- **Supplied material**:
····················

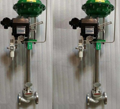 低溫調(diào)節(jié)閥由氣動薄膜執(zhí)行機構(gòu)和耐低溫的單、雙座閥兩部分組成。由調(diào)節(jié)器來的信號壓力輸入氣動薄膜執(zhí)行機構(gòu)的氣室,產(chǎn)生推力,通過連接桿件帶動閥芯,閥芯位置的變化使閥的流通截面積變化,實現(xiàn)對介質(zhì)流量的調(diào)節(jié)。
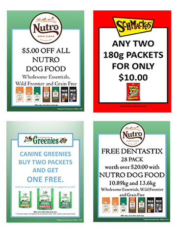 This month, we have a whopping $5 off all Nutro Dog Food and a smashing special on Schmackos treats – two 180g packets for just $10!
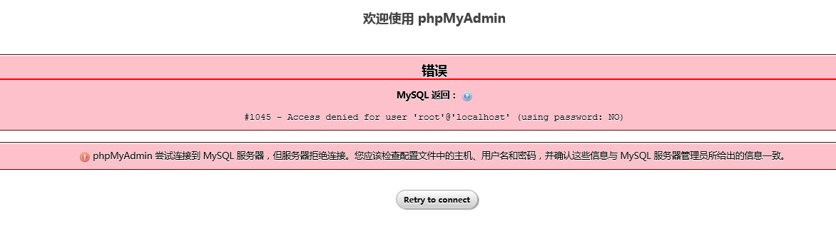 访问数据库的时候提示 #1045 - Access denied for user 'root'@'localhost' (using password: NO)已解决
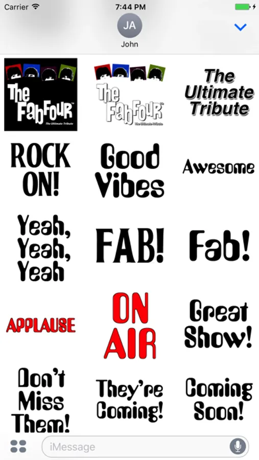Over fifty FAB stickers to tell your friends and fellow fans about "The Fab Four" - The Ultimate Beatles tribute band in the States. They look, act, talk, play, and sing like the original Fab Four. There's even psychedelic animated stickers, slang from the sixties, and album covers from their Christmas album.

····················

- **Task prompt**:
Each line above is to be copied exactly, and the pictures are to be dropped.

- **Task answer**:
 低溫調(diào)節(jié)閥由氣動薄膜執(zhí)行機構(gòu)和耐低溫的單、雙座閥兩部分組成。由調(diào)節(jié)器來的信號壓力輸入氣動薄膜執(zhí)行機構(gòu)的氣室,產(chǎn)生推力,通過連接桿件帶動閥芯,閥芯位置的變化使閥的流通截面積變化,實現(xiàn)對介質(zhì)流量的調(diào)節(jié)。
 This month, we have a whopping $5 off all Nutro Dog Food and a smashing special on Schmackos treats – two 180g packets for just $10!
 访问数据库的时候提示 #1045 - Access denied for user 'root'@'localhost' (using password: NO)已解决
Over fifty FAB stickers to tell your friends and fellow fans about "The Fab Four" - The Ultimate Beatles tribute band in the States. They look, act, talk, play, and sing like the original Fab Four. There's even psychedelic animated stickers, slang from the sixties, and album covers from their Christmas album.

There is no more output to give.